Tuesday, 12 August 2008
On Japanese-style driving
Like when you turn on your blinkers and find out that you've accidentally turned on your windshield wipers. Or to turn right and realize you're suddenly on the wrong sideof the road. Or to ask what each Japanese sign means and to find out that no one knows. Yeah that's right no one knows what the road signs mean. I am totally generalizing and I am not trying to say anything at all about Japanese drivers. I am just trying to state a fact that after I asked like 5 people around my town office and host family about signs, they said that signs didn't really matter, or they forgot or that they think it means this, or that they just dont know why. In order to get a Japanese driver's license, Japanese drivers just need to pass an enclosed Lakeside-type driving course the correct way and voila you can get a license. That does present the slight problem of a course being vastly different from driving on an actual road. But this small setback is easily remedied by Japanese magnetic strips that all new drivers (1 year) must put on their car to alert all other drivers to stay away from them. According to many, driving is perilous business with drivers frequently stopping in the middle of the road for no valid reason (letting a kid use the bathroom on the side of the road). Pedestrians rule the road EVEN if your light is green. We were warned in three orientation sessions, above all never hit another car and never ever hit another pedestrian unless we want to go to jail, get deported, pay thousands of dollars and go to hell.There is a zero, that's Z-E-R-O tolerance for alcohol in this country (maybe this explains why medicine like Nyquil is not allowed) while driving or riding a bike. This means that if you drink the night before and ANY alcohol is in your system the next day you will be punished to the full extent of the law, deported, hanged and tried; in that order. This is pretty much the WORST thing that can happen. If you happen to be driven by the heathen that chose to drink and drive, you are guilty by association and will get deported and pay thousands and go to hell as well.

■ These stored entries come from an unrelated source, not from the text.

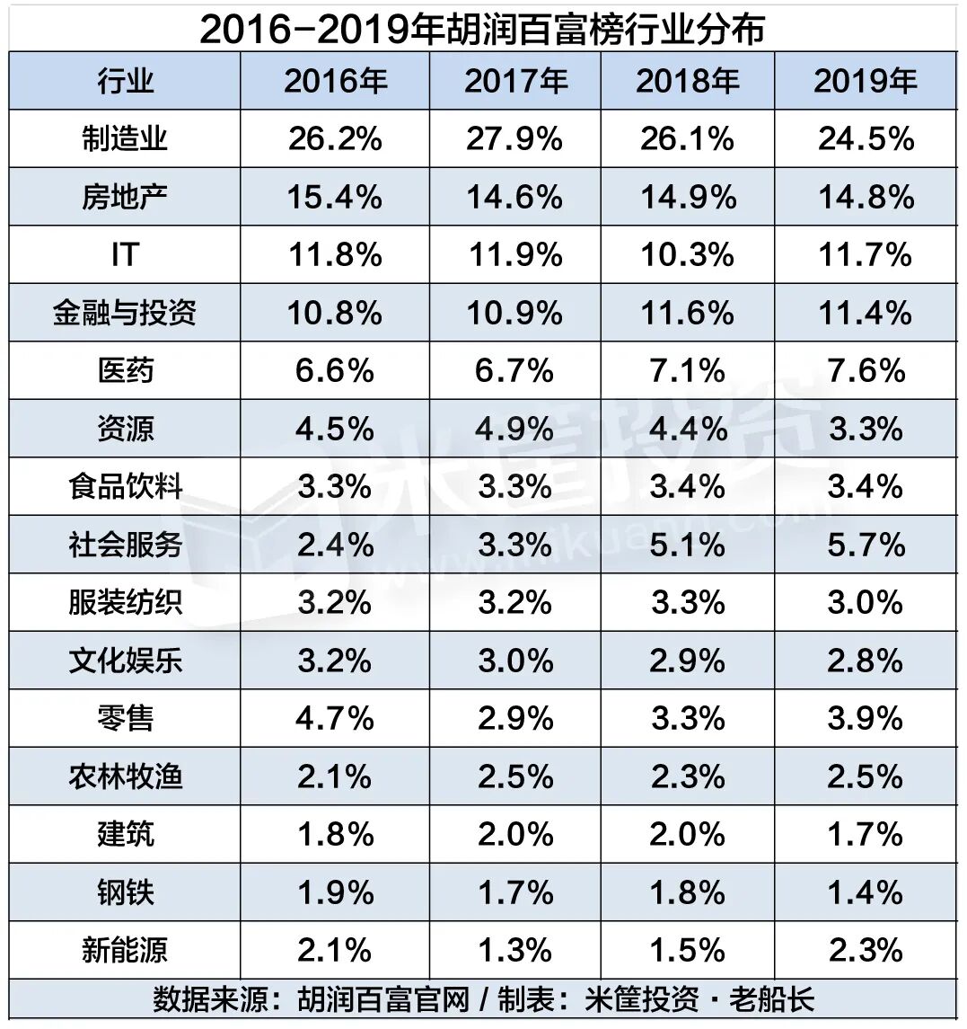 回顾过去的百富榜行业分布中,制造业一直都是制造富豪的霸主行业。但随着经济形势的转变,2016-2019年,制造业的占比已经在逐步下降。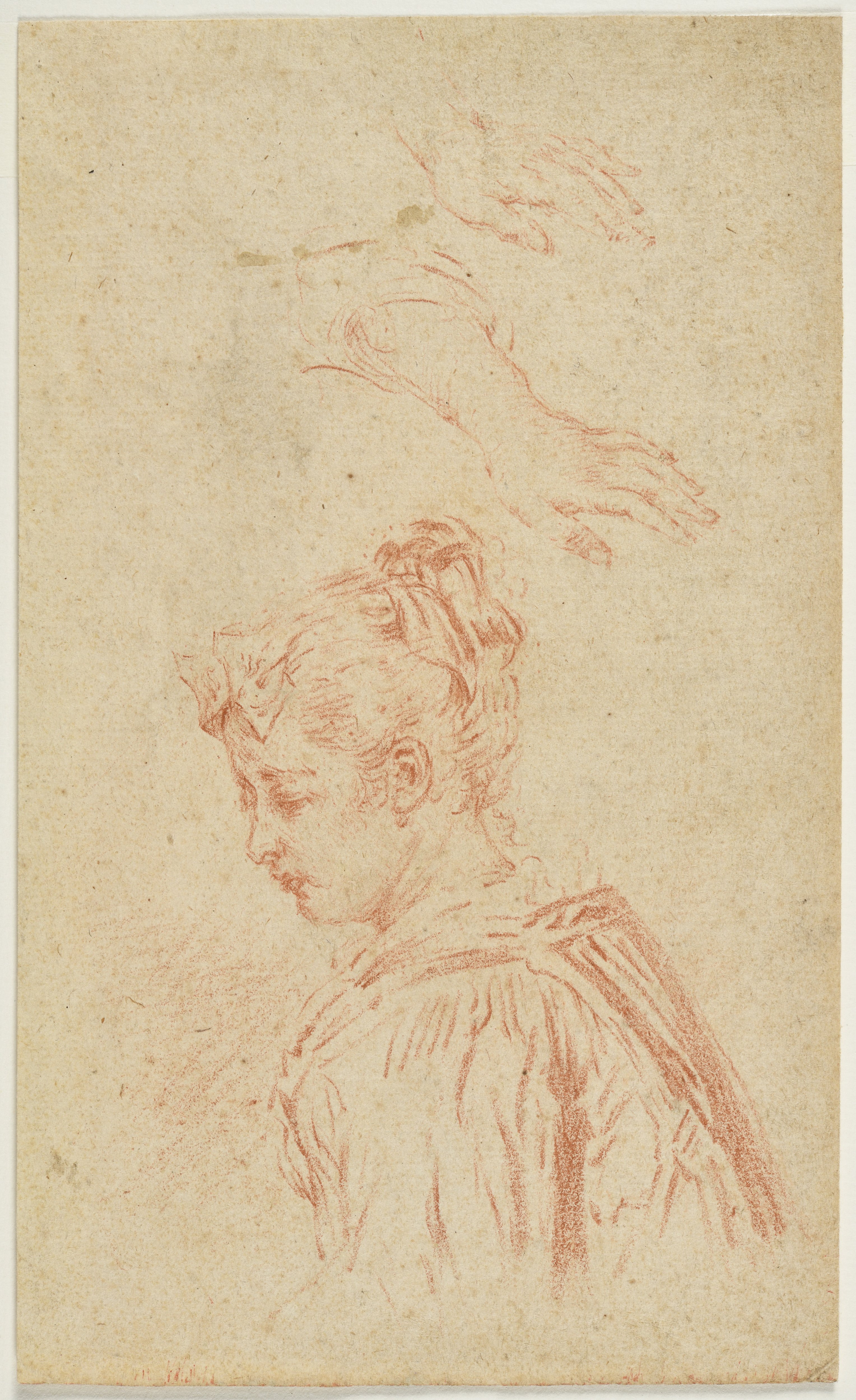 Pour la réalisation de ces œuvres majestueuses, l’artiste multiplie les esquisses d’après nature comme source infinie d’inspiration pour les différentes poses et expressions de ses figures. L’œuvre que nous vous présentons est un remarquable exemple de ces études. Sur une feuille de dimensions restreintes (probablement issue d’un carnet de dessins de l’artiste) sont tracés à la sanguine les contours du profil d’une jeune femme d’une étonnante sensibilité. Durant toute sa carrière, Watteau travaille à l’élaboration d’un type féminin caractéristique ainsi qu’à la variété de leurs poses et attitudes. Observateur attentif, il accorde une grande attention dans le rendu des détails. La mode contemporaine tient par ailleurs une place importante dans son œuvre, les détails des robes et coiffures sont rendus avec une grande acuité. On observe ici un ruban soigneusement noué dans les cheveux du modèle partant du haut d’un chignon et retombant sur le front que l’on retrouve dans d’autres études (ill. 1 et 2).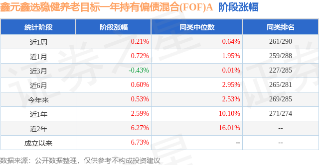 证券之星消息,日前鑫元鑫选稳健养老目标一年持有偏债混合(FOF)A基金公布一季报,2026年一季度最新规模3.7亿元,季度净值涨幅为-0.12%。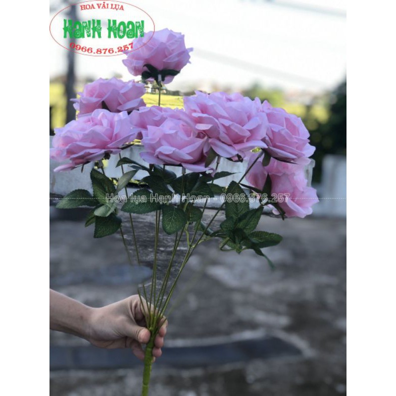 Chùm hoa hồng cánh xoăn 9 bông size lớn - Hoa giả,hoa lụa cao cấp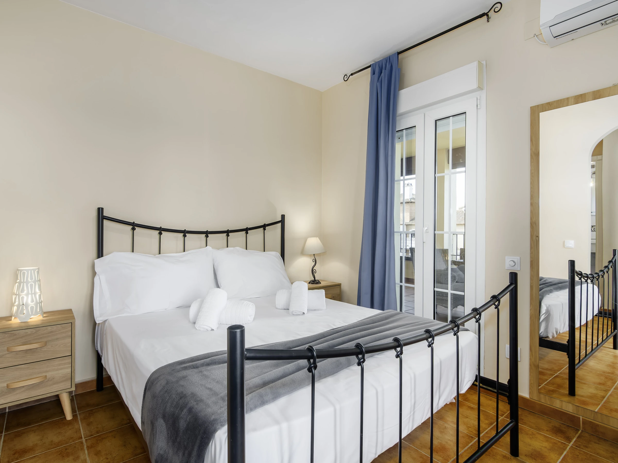 Elle dispose de ascenseur, mobilier de jardin, clôture, 25 m² de terrasse, lave-linge, fer à repasser, accès internet (wifi), sèche-cheveux, zone pour les enfants, terrain de tennis, piste de paddle, chauffage électrique, climatisation dans tout le logement, piscine collective+infantile, parking couvert même bâtiment, TV.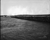 B 141 "The Main Canal; North Side;" water fills the canal next to a rock wall.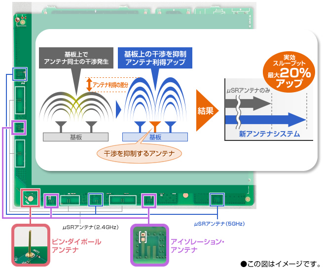 電波を360゜全方位へしっかり飛ばす超小型の[μ(マイクロ)SRアンテナ]に加えて、[ピン・ダイポールアンテナ]と[アイソレーション・アンテナ]を搭載した[新アンテナシステム]を採用。アンテナ間の干渉が抑制されアンテナ性能が向上することにより、スループットが最大で約20%アップします。
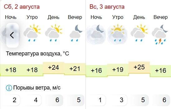По данным gismeteo, в субботу, 2 августа, утром ожидается около +18 градусов. Днем потеплеет до +24, к вечеру столбик термометра опустится до +21 градуса. В течение суток прогнозируются дожди.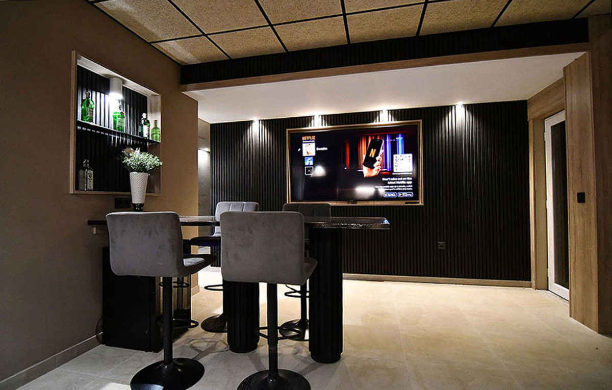 For moments of leisure and entertainment, the villa has its own cinema and bar, as well as an outdoor kitchen perfect for enjoying the summer.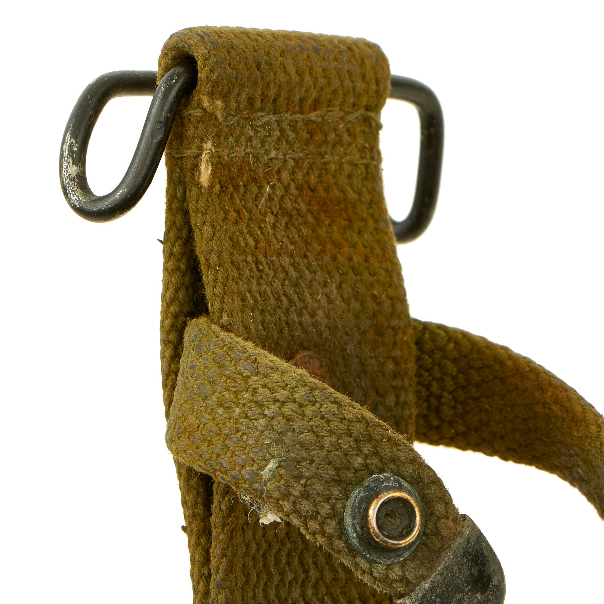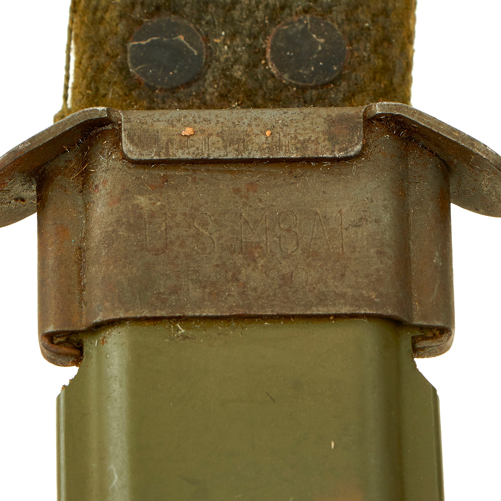 It comes in a nice WWII issue OD green thermoplastic impregnated cotton fabric scabbard marked U.S. M8 / B.M. CO., also in offered in very good condition. This early production scabbard was updated to the M8A1 standard by replacing the canvas frog with one that had a belt loop, as almost all were. There is some wear to the scabbard, but it still has almost all of the original green paint. The throat shows only slight wear to the finish, as shown. The canvas is in very good condition, and the snap still functions, with light finish wear. The scabbard was manufactured by Beckwith Mfg Co., a division of Victory Plastics, who manufactured many scabbards during the war.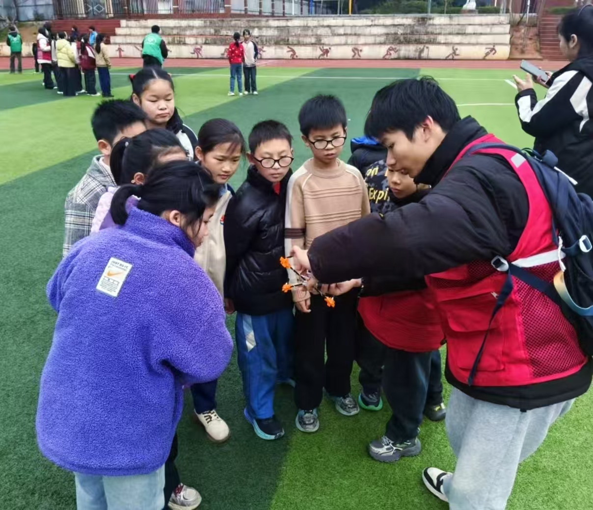 活动在多媒体教室拉开帷幕。“这是无人机的‘大脑’——飞控系统,负责接收指令、控制飞行姿态”,现场,志愿者们带着无人机实物,从机臂、电机、螺旋桨讲到电池、传感器,逐一展示部件作用;面对“为什么四个螺旋桨有两对是正反装?”的提问,画起受力分析图,将空气动力学原理用最直观的方式呈现给孩子们。随后,将课堂转移到操场,操控多架无人机腾空而起,完成盘旋、俯冲等动作,引来阵阵欢呼。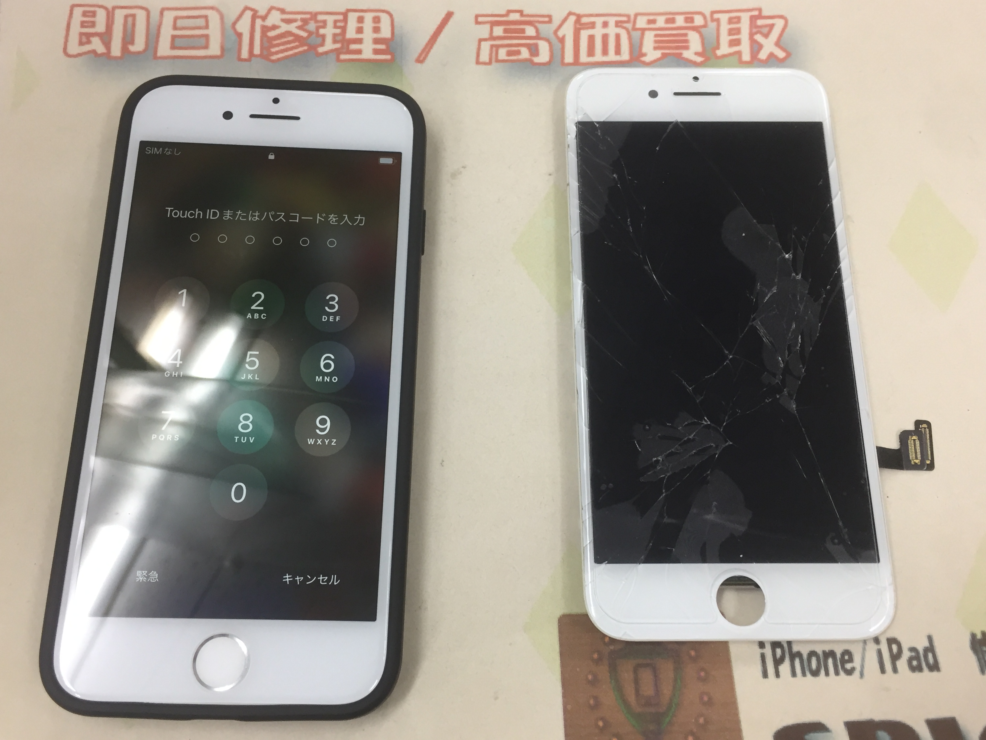 画面割れですが20分程で修理完了です。

WOW, I am so scared.....not that I drink and drive, but what if I go out the night before and I still have it in my system the next day???.....I think I need an alcohol detector
My first speech
Hajimemashite, watashi wa Cassandra desu. America no Colorado no XX kara kimashita. Watashi wa XX no XX daigaku wo sotsu gyo shimashita; senko wa kokusai business desu. Watashi no shumi wa sarusa dansu to Nihongo no benkyo wo surukoto desu; shigoto wa ginko de loan no tanto deshita. Watashi no tanjobi wa XX desu; ketsu eki gata wa 'X `gata desu; se iza wa, ite za desu. Watashi no kazoku wa X desu; ototo ga X to imoto ga X. Karera no namae wa XXX to X desu. Ima karera wa San Fracisco, New York to Chugoku to Denver no gakko ni iiteimasu. Watashi wa Taiko to sunobodo to miso shiru to Kumamoto ramen ga suki desu. Nihongo wa mada heta desu, ga, ganbarimasu. Dozo yoroshiku onegaishimasu.
Translation:
It is the first time. (How do you do?) My name is Cassandra XX. I am from XX in the US. I went to school at XX college in XX and graduated with a degree in International Business. My hobbies are salsa dancing and studying Japanese. My former job was as a loan officer. My birthday is on XX and my horoscope sign is Sagittarius. My blood type is XX. My family has of X kids; X younger brothers and X younger sister. Their names are XXX and X. They are currently in San Francisco, New York, China, Denver at school. I like Taiko drums, snowboarding, miso soup and Kumamoto ramen. My Japanese isn’t very good yet, but I will persevere. Please treat me well (I look forward to working with you).
Everyone is extremely into blood types (b/c it's kinda like a personality type) and knowing TOO MUCH INFORMATION about people. I thought I was going to have to give my bank account number, DNA sample and contact size.